Planteamiento del Problema

Las universidades y las prisiones se encuentran entre las instituciones más poderosas del mundo actual; sin embargo, las limitaciones en su capacidad para construir sociedades justas y humanas son cada día más evidentes. Los actores que forman parte de ambos sistemas (educativo y penitenciario/de justicia) se sienten, frecuentemente, alienados, objetivados y pesimistas en cuanto a la posibilidad de lograr cambios sociales.

La educación superior, desde hace ya varias décadas, se ha enfocado en el logro individual y ha enfatizado el desarrollo profesional, cuando, en realidad, su meta principal es la de ofrecer al estudiante las herramientas necesarias que le permitan obtener un empleo seguro al graduarse. Cuando la educación se centra sólo en los logros individuales y profesionales, los estudiantes pueden encontrarse sin las habilidades necesarias para enfrentarse al mundo, establecer relaciones igualitarias y convertirse en participantes activos dentro de una sociedad democrática. Además, los estudiantes egresados de la universidad no están, a menudo, preparados para pensar y analizar críticamente los sistemas sociales en los que se encuentran inmersos.

Por otro lado, son muchas las partes del mundo en donde la población carcelaria crece a un ritmo acelerado, rebasando incluso el ritmo de crecimiento de la población general. Existen 2.2 millones de personas – cifra preocupante – tras las rejas sólo en los Estados Unidos, la nación con la tasa de encarcelamiento más alta del mundo. Sin embargo, el costo de castigar y contener individuos no es meramente financiero; también es social, puesto que las sociedades se excluyen a sí mismas, tanto de los talentos (perdidos) de aquellas personas que pasan la mayor parte de sus vidas tras las rejas, como de las voces de quienes podrían contribuir socialmente. La inclusión de estas voces se hace aún más importante dado que las personas encarceladas provienen, desproporcionadamente, de sectores vulnerables y marginados.

Estos problemas nos afectan a todos y las causas subyacentes son muchas, siendo de las principales los sistemas de exclusión económica y social.

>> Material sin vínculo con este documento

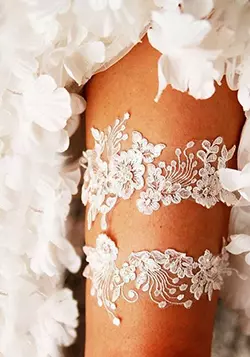 Ah l’incontournable et traditionnelle jarretière ! Cette pratique, issue du Moyen Âge, était utilisée par les femmes. Celles-ci accrochaient un ruban en dentelle sous leur genou afin de tenir leurs bas. Puis, ce rituel a évolué au fil des années et les femmes remontaient leur jarretière en haut des cuisses, ça en est même devenu un jeu. Afin de mettre un brin de folie et de vintage à votre mariage, vous pouvez mettre en place ce jeu traditionnel de la jarretière ! Le but est simple : les hommes veulent apercevoir la jarretière de la mariée. Pour cela, ils enchérissent afin que celle-ci lève sa robe. Quant aux femmes, elles enchérissent pour que la mariée abaisse sa robe. Finalement, cette tradition occidentale est très prisée en France ainsi qu’aux États-Unis. Néanmoins, en Espagne la même coutume est revisitée avec la cravate du marié !
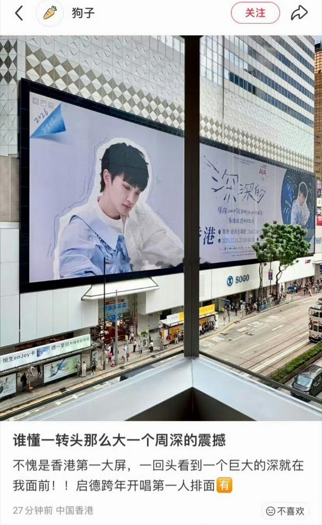 香港街头已经随处可见周深跨年演唱会的大屏了, 内地歌手首登启德主场的含 金 量还在上升[举手]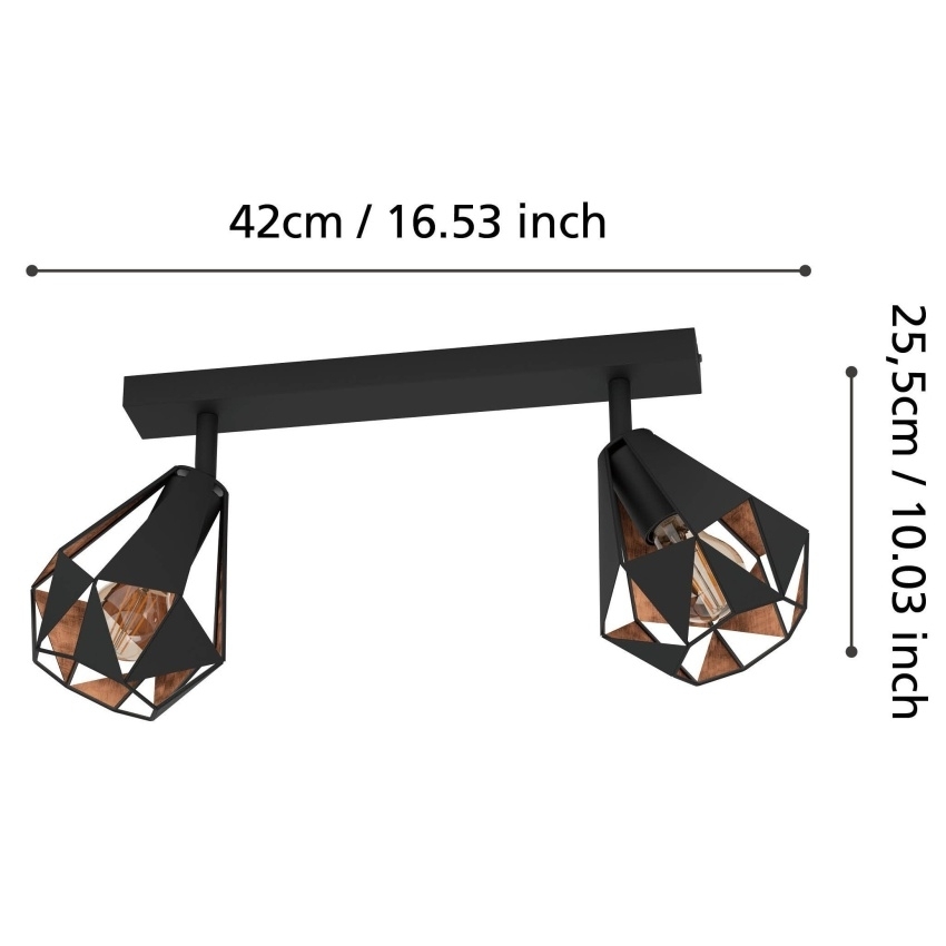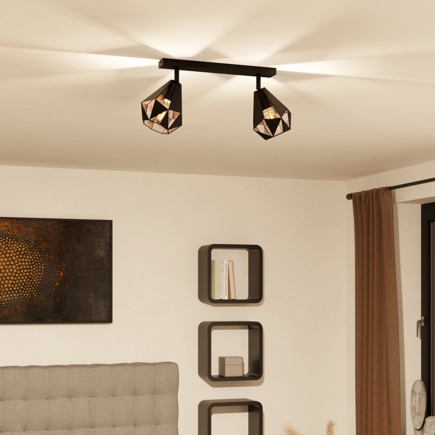 Stropní svítidlo EGLO CARLTON 7 přináší do interiéru moderní design s industriálním nádechem. Dvě stínidla ve tvaru kosočtverce v černém provedení s měděným antickým vnitřkem vytvářejí fascinující hry světla a stínu. Pohyblivé hlavy umožňují směrovat světlo přesně tam, kde je potřeba. Svítidlo je ideální pro kuchyň, obývací pokoj, ložnici nebo chodbu a je kompatibilní s žárovkami s paticí E27 do výkonu 40 W.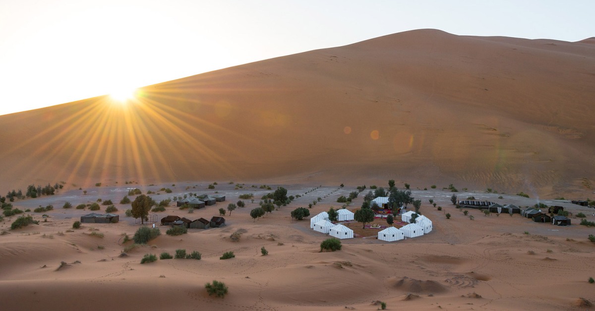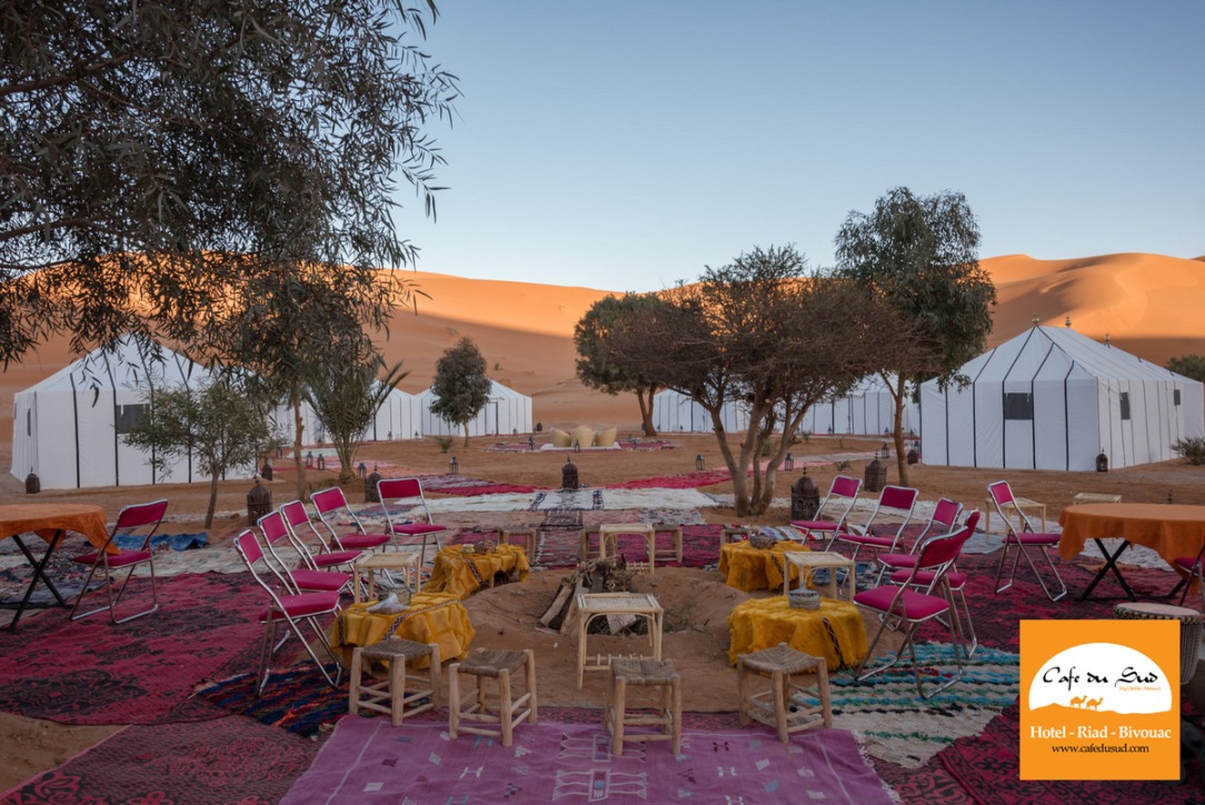 In Ouarzazate and Tineghir there are overnight stays in small kasbah-style hotels with dinner and breakfast included; the second night is at a location deep within the Sahara at Erg Chebbi. The sunsets and sunrises in the rarefied air of the desert can simply take your breath away, this second night may be spent in our carpetted, deluxe tents or out in the open under an awesome canopy of the starlit heavens.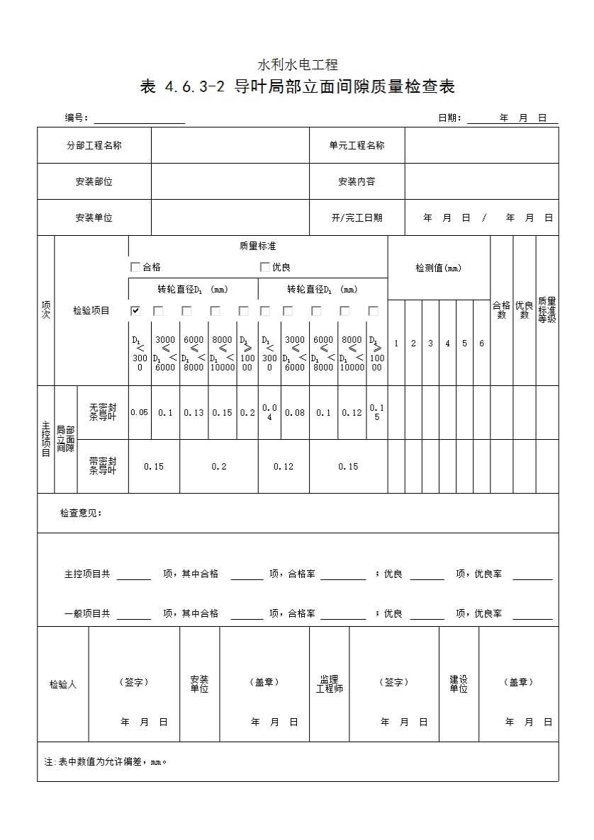 表格名称:表 4.6.3-2 导叶局部立面间隙质量检查表

Todos somos responsables por el espiral de miedo, alienación, violencia, delincuencia, empobrecimiento y encarcelamiento del cual nuestro mundo parece no poder salir. Es imperativo que reconsideremos la forma en la que enfocamos estos problemas de manera que todas las voces sean incluidas en el proceso.

Inside-Out reconoce la exclusión social que los sistemas de educación superior y penitenciarios pueden producir y/o reproducir. Debido a esto, el programa facilita y fomenta el vínculo entre estas dos instituciones para crear espacios que promuevan el compromiso cívico y social. Inside-Out es un modelo de educación que permite que personas encarceladas y no encarceladas se encuentren entre sí y se reconozcan como seres humanos. Además, habilita un diálogo que atraviesa barreras sociales haciéndose transformador y permitiendo que los conflictos sean abordados desde nuevas y/o distintas formas. El énfasis en el aprendizaje colaborativo invita a las personas de ambos lados de las paredes de la prisión (adentro-afuera) a asumir un rol activo en el análisis crítico del crimen, la justicia y otros asuntos de interés social.


Alcatraz

“He visto que mi curso, que se enfoca en el estado de ciudadanía y sus efectos en la creación de desventajas sociales, ofrece los mismos o más desafíos académicos para los estudiantes (universitarios) que sus otras clases, porque tienen que mantenerse al nivel de seriedad intelectual y compromiso personal que demuestran los estudiantes encarcelados.”